Is Your Networking Not Working?by Marnie Hoolahan, November 2019
Networking! You know, that activity that one either embraces or goes running away from as quickly as possible. For many, the word evokes a grueling, overwhelming, unnatural process, and something that requires stepping way out of one’s comfort zone.
But I have two pieces of good news…
First, networking is an incredibly effective tool for your professional development. Biopharma companies run on relationships; it’s the oil in the engine. We are a matrixed, cross-functional, ecosystem that demands connections. The stronger and more authentic your relationships, the more opportunities you’ll discover for growing your career, contributing to the success of your company, and expanding your circle of trust. Networking opens the door to more of these vital connections.
Second, it’s a learned skill. Of course, some people have an easier time striking up a conversation with a stranger at a conference or reaching out to another professional on LinkedIn. But anyone can be successful at making these connections — it’s more about technique and practice than personality type or style. With some simple tweaks to your networking approach and mindset, you can overcome any fears you may have.
Two mantras to keep in mind as you move ahead:
Most people want to help others if they can.
What is the worst that can happen?
Here are four suggestions for expanding your networking effectiveness:
#1. Think relationship, not transaction.
For some people, networking is primarily about trading things of value — “you scratch my back and I’ll scratch yours.” There’s nothing inherently wrong with that, but to me, those connections are short-lived, and they underutilize the potential of what it means to connect in a deeper way.
Simply put, networking is about building relationships.
At its best, it involves creating value-added, enriching opportunities and experiences that provide mutual benefit. The impact can be hard to measure, and yet when I look back on my career, I owe much of whatever success I’ve had to people I’ve gotten to know along the way — some of whom have reappeared weeks, months, and even years later. This has motivated me to pay it forward to others who seek me out for the same reasons.
#2. Plan ahead.
Getting out and meeting others, whether in person or virtually, is the objective. But you’ll have much better results if you spend some time with the who, what, and why behind whatever is motivating you to reach out:
… spearheading an initiative at work and need to identify and understand the key stakeholders in the organization relative to the project?
…trying to advance your career and hoping to learn more about how your organization functions?
…looking to leave a job and eager to investigate a company or role?
… attending an event on a topic with the hope of meeting others who have a mutual interest?
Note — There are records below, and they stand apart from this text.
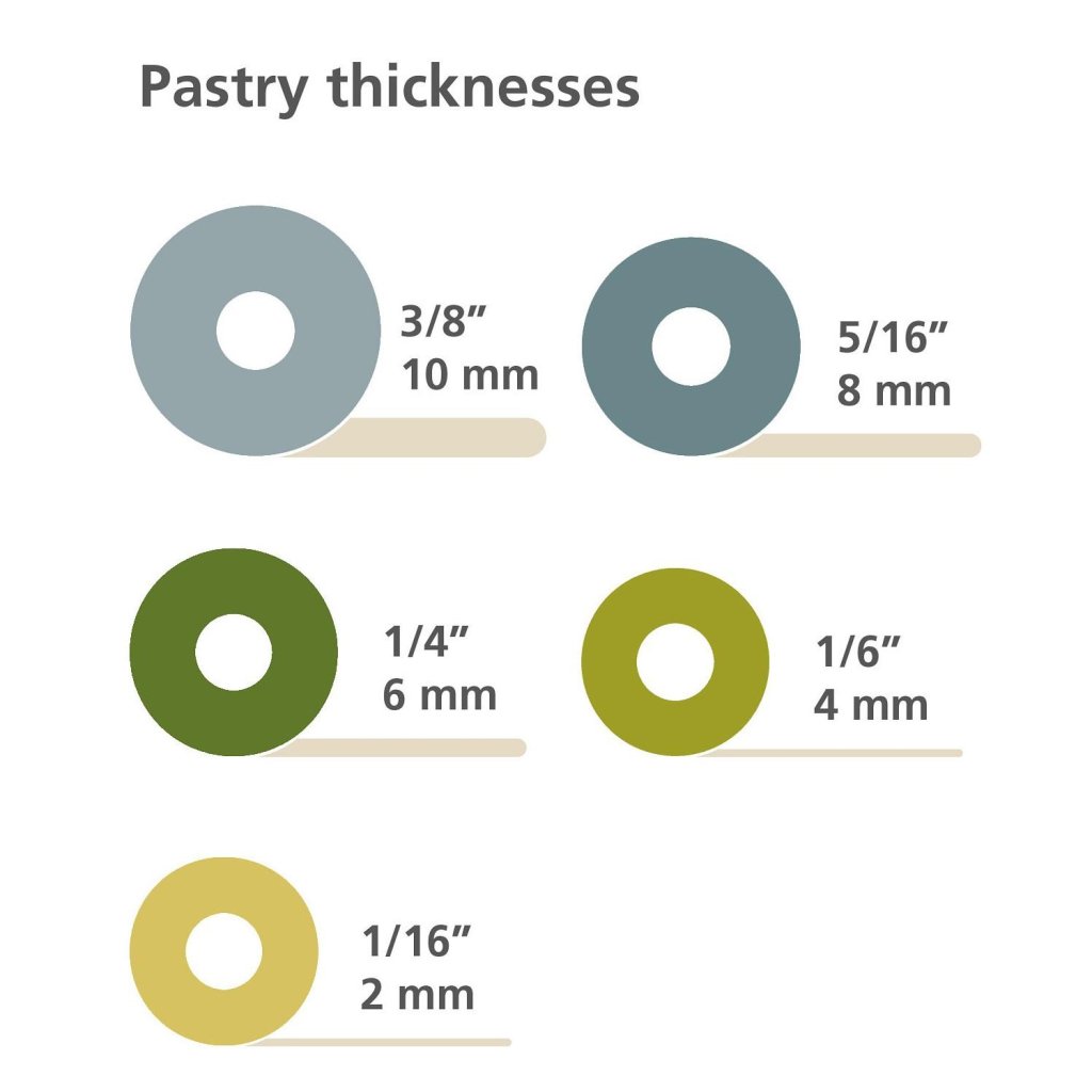 - Vijf paar afneembare gekleurde ringen stellen eenvoudig de rolhoogte in op 2, 4, 6, 8 of 10 millimeter, afhankelijk van het specifieke recept.
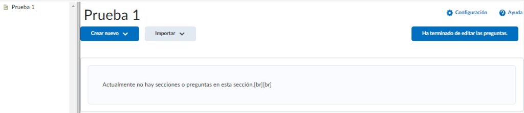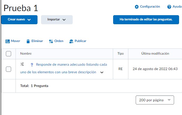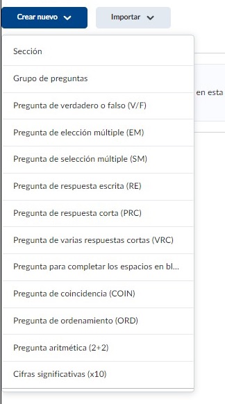 Este menú es parecido al espacio de nuestro Banco de preguntas. Si bien, podemos importar preguntas que hayamos creado en nuestra biblioteca de pregunTas, debemos recordar que el propósito de nuestra Autoevaluación, es que el alumno valide su conocimiento, por lo tanto, no recomendamos emplear las mismas preguntas que emplea en los quizzes, parciales y ordinarios, para no dar al alumno un adelanto de la prueba que sí tendrá un peso en su calificación final. Por lo tanto, crearemos nuevas preguntas que puedan ayudar al estudiante a validar el tema de la materia de forma concreta.
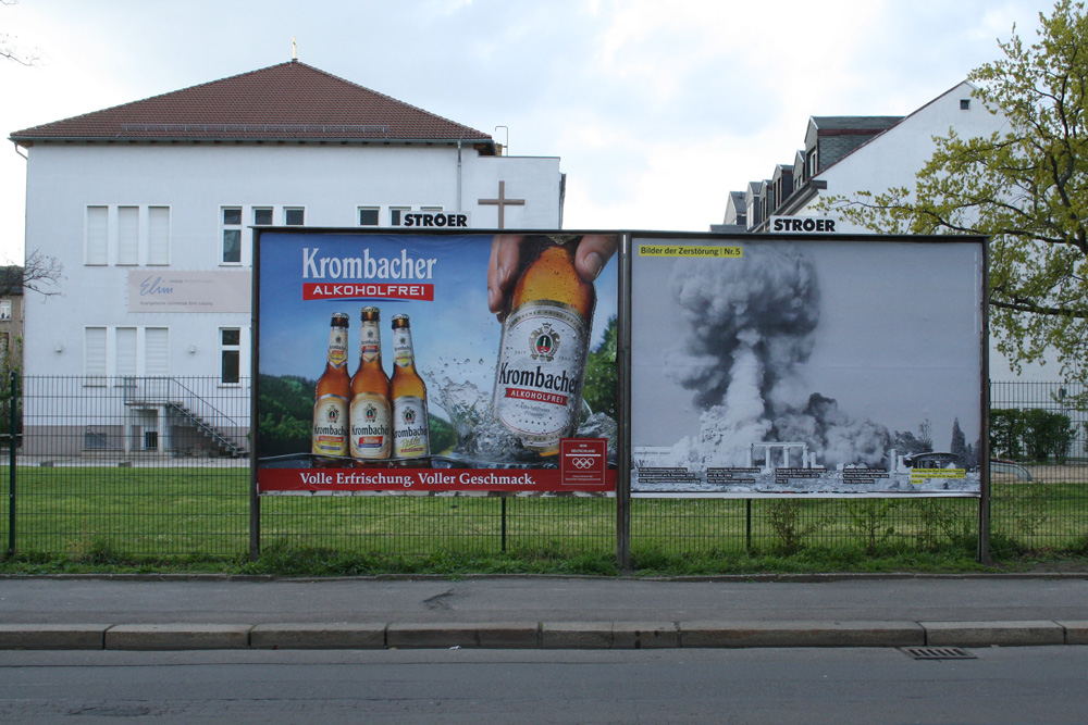 Insbesondere jene Leipziger, die seit gestern durch die Rosa-Luxemburg-Straße gefahren sind, haben ein paar großformatige Plakate gesehen, wie man sie auch in Leipzig eher seltener im Straßenraum sieht. Für gut eine Woche - vom 26. April bis 5. Mai 2016 - zeigt der Fotograf Stefan Koppelkamm im Leipziger Stadtraum fünf Bilder der Zerstörung. Praktisch parallel zu einer Ausstellung im Museum der bildenden Künste.
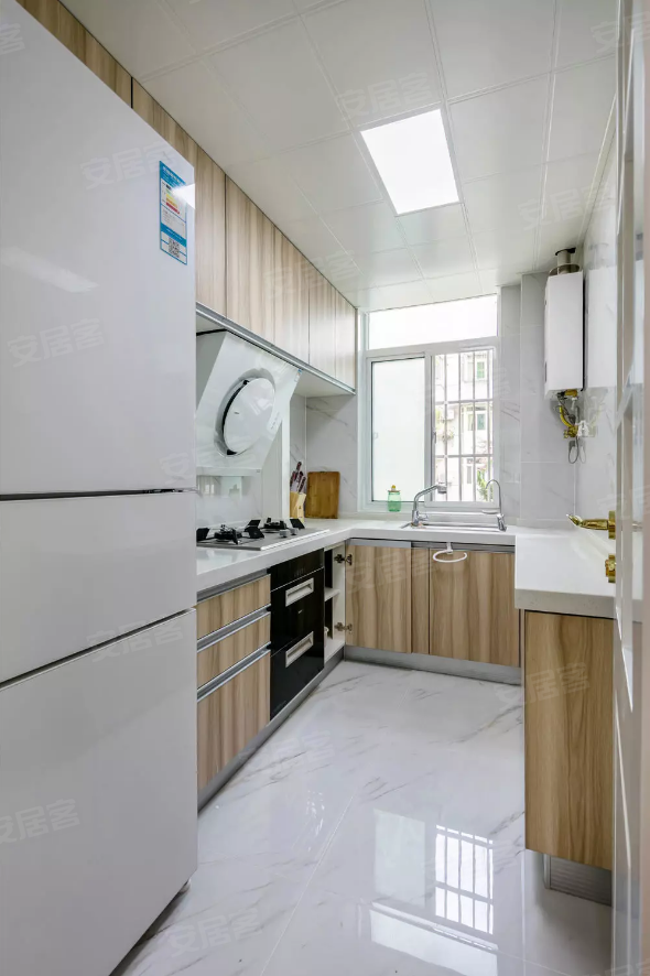 整体橱柜、U型布局,让厨房收纳与美观兼得。
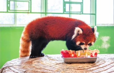 而在武汉极地海洋公园小动物王国里,好动的环尾狐猴一看到鲜果冰棍拼盘便开心地和保育员做起游戏。小熊猫虽有些内向但也忍不住舔了起来。在海豹湾的海豹、极地海湾的海狮已纷纷躺上了冰床。同妈妈一起从孝昌前来旅行的孙雨非说:“炎炎夏日,小动物们的消暑方式好萌哦。”
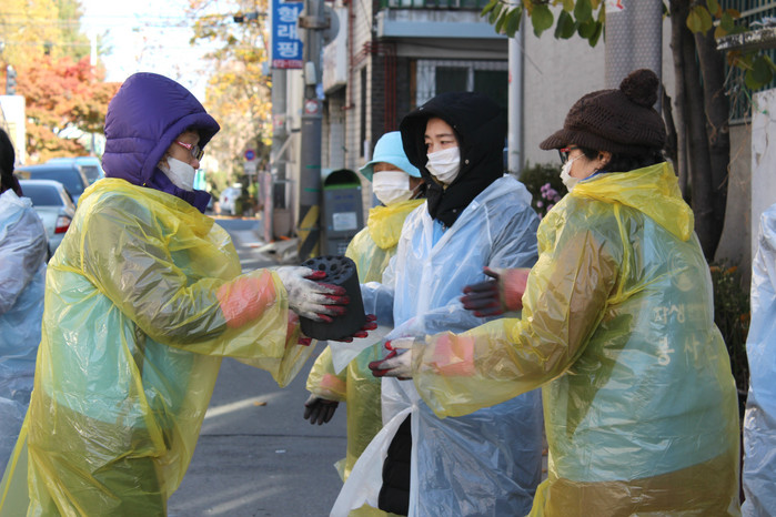 | ▲부천자생한방병원 자생봉사단원들이 지난 18일 부천시 약대동 일대에서 연탄 나눔 봉사활동을 하고 있다. |
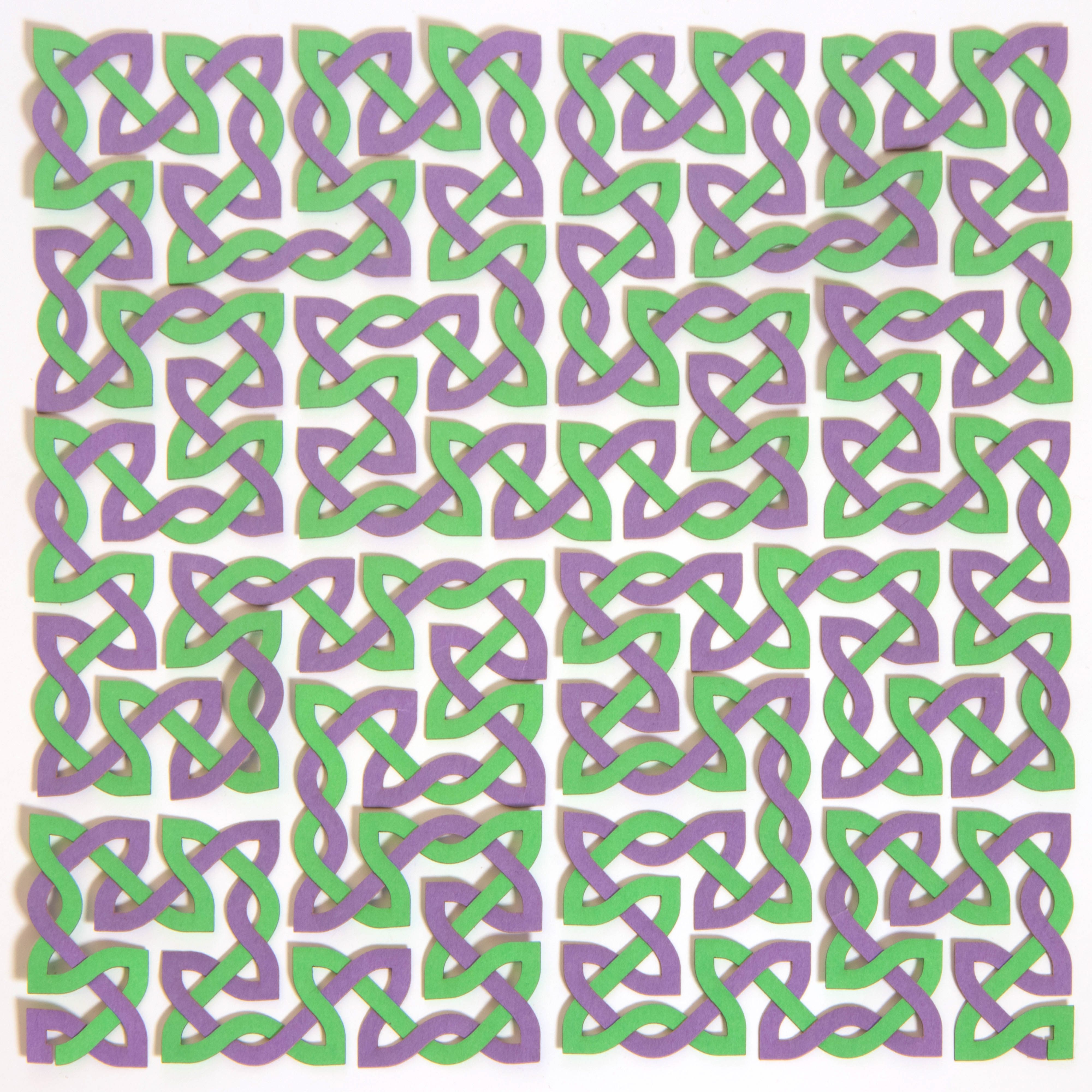 The purple and green design is an “unknot” where one half is made from green paper and the other is made from purple paper. Since the strands are overlapping in the design, it is impossible to cut this design out from a single piece of paper. I therefore cut out the two parts separately, wrapped them around each other, and connected the ends. If you look closely at the bottom left and bottom right, you can see that this is exactly where the strands change color.

Depending on your intent, try to have a few “go-to” questions as you approach others. Within a company, you may ask: “What are the priorities of your team? Tell me about your role.” When interacting with those outside your company, consider questions like: “What do you do for a living? What brought you to this event?” Having your own answers to these same questions will help you keep the conversation going.
Whatever the specifics of your situation, if you plan ahead, you will be…
…more efficient. Planning helps you home in on who to meet, where to find them, and how best to connect.
…more comfortable. When you’re prepared, it’s easier to approach strangers, helping you feel more secure in your outreach.
…more memorable. Many networkers are just “friendly wanderers.” Those with a clear purpose and mission stand out.
#3. Provide value.
In a recent episode of his “WorkLife” podcast (Networking for People Who Hate Networking), Wharton professor and best-selling author Adam Grant said something that resonated with me: “You don’t have to start by building your contact list. You can start by building your skills because having expertise to share sets you up to connect with interesting people.”
Have you recently conquered a strategic challenge that might be of use to someone else? Do you have a knack for organization design and execution? Can you help make connections between people in your network to better their knowledge and contacts?
The last question is hard to explain, but I think about people I know and how they should be connected to other people I know. Those relationships will help them on either a professional or personal level.
Overall, beyond merely meeting people, the best networking looks to leverage the totality of who you are and what you bring to share with others — your skills, perspective, and experiences.
#4. Look within your current company.
In a previous role, I made a deliberate effort to understand as much as I could about who else worked in the building and how each person and department fit into the overall functioning of the organization. Not only did this help me do my job better (I gradually began to appreciate the bigger picture), it helped others get to know who I was and where I fit. It also meant that I could greet people in the elevator, lunch line, and at company functions with a sense of recognition. My community became more real.
If you’re new to networking, this is a good place to start. The work environment should be a little more comfortable and can provide plenty of networking practice. You’ll find your coworkers easier to approach, and your shared company mission provides a built-in reason to reach out, connect, and learn from one another. (If your work culture doesn’t align with this point of view, then maybe that problem should be solved first.)
Like so many non-deadline-dependent things, networking is easy to put off until another day. Please don’t.
No matter where you are in your career, building relationships, working collaboratively, and contributing to the success of others will inevitably be a part of your job. The more you practice reaching out to interesting strangers, the easier and more comfortable it will become, particularly as you start to realize some of the benefits.
And, who knows? If you’re not careful, you may even find that networking is both fun and fulfilling!